• RECORDED INFORMATION:
§
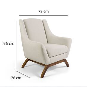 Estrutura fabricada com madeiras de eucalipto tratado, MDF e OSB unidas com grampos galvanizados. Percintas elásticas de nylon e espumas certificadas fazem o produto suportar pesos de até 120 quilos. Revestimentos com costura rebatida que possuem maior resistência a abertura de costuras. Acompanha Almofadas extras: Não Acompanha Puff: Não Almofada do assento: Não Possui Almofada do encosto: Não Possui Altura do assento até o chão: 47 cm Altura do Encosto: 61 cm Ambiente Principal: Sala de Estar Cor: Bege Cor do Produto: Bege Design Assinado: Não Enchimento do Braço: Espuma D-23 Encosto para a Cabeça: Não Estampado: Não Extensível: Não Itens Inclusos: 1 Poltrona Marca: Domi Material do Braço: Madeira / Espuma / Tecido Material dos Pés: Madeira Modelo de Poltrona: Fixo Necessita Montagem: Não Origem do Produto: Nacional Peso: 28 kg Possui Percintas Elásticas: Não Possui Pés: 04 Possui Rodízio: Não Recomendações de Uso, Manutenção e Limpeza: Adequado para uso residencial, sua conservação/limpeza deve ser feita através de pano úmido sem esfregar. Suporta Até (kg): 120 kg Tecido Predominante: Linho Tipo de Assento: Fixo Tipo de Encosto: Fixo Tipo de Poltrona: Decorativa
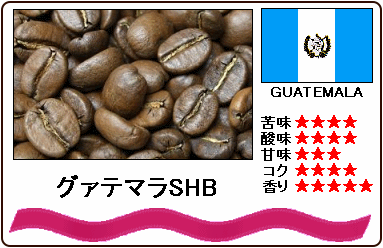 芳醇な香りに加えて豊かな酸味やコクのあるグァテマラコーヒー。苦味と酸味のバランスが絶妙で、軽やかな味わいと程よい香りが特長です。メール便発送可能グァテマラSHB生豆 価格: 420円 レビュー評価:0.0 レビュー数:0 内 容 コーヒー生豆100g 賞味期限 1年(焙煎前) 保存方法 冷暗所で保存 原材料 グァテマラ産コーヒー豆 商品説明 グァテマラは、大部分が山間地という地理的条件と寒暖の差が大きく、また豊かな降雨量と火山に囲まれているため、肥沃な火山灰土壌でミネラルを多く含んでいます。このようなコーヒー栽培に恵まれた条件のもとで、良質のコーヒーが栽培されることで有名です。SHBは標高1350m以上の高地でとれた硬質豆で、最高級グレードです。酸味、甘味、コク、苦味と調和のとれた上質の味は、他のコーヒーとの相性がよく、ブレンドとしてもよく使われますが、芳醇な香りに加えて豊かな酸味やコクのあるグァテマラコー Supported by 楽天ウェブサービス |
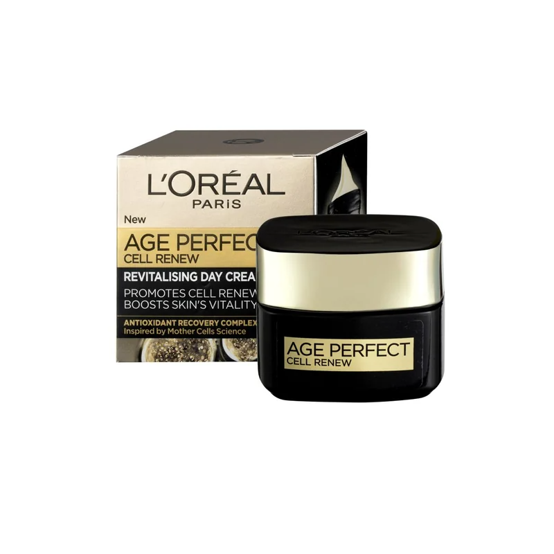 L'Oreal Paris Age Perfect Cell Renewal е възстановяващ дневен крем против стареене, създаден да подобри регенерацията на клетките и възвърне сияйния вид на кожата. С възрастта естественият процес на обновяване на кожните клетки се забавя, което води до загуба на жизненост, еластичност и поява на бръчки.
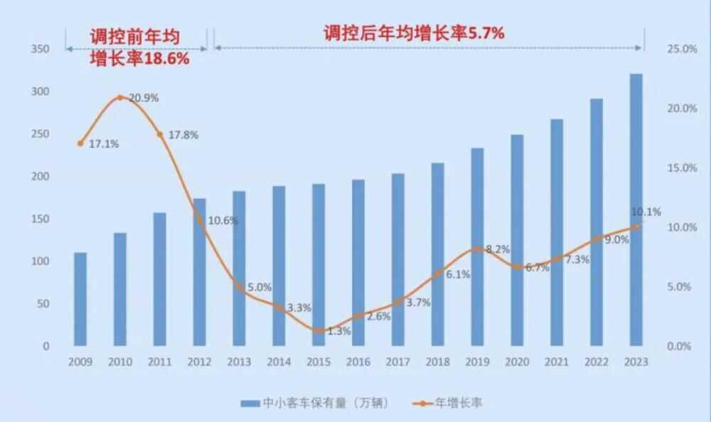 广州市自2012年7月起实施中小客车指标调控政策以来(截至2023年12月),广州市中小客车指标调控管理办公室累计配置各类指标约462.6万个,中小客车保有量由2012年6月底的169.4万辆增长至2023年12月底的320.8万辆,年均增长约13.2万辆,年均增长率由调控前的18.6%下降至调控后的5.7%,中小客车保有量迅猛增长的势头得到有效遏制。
§
• TO DO: Which lines run from the one containing "by 楽天ウェブサービス |" to the end of the data above? Set down those lines exactly, and only those, without any pictures.

• THE COMPLETED TASK:
 芳醇な香りに加えて豊かな酸味やコクのあるグァテマラコーヒー。苦味と酸味のバランスが絶妙で、軽やかな味わいと程よい香りが特長です。メール便発送可能グァテマラSHB生豆 価格: 420円 レビュー評価:0.0 レビュー数:0 内 容 コーヒー生豆100g 賞味期限 1年(焙煎前) 保存方法 冷暗所で保存 原材料 グァテマラ産コーヒー豆 商品説明 グァテマラは、大部分が山間地という地理的条件と寒暖の差が大きく、また豊かな降雨量と火山に囲まれているため、肥沃な火山灰土壌でミネラルを多く含んでいます。このようなコーヒー栽培に恵まれた条件のもとで、良質のコーヒーが栽培されることで有名です。SHBは標高1350m以上の高地でとれた硬質豆で、最高級グレードです。酸味、甘味、コク、苦味と調和のとれた上質の味は、他のコーヒーとの相性がよく、ブレンドとしてもよく使われますが、芳醇な香りに加えて豊かな酸味やコクのあるグァテマラコー Supported by 楽天ウェブサービス |
 L'Oreal Paris Age Perfect Cell Renewal е възстановяващ дневен крем против стареене, създаден да подобри регенерацията на клетките и възвърне сияйния вид на кожата. С възрастта естественият процес на обновяване на кожните клетки се забавя, което води до загуба на жизненост, еластичност и поява на бръчки.
 广州市自2012年7月起实施中小客车指标调控政策以来(截至2023年12月),广州市中小客车指标调控管理办公室累计配置各类指标约462.6万个,中小客车保有量由2012年6月底的169.4万辆增长至2023年12月底的320.8万辆,年均增长约13.2万辆,年均增长率由调控前的18.6%下降至调控后的5.7%,中小客车保有量迅猛增长的势头得到有效遏制。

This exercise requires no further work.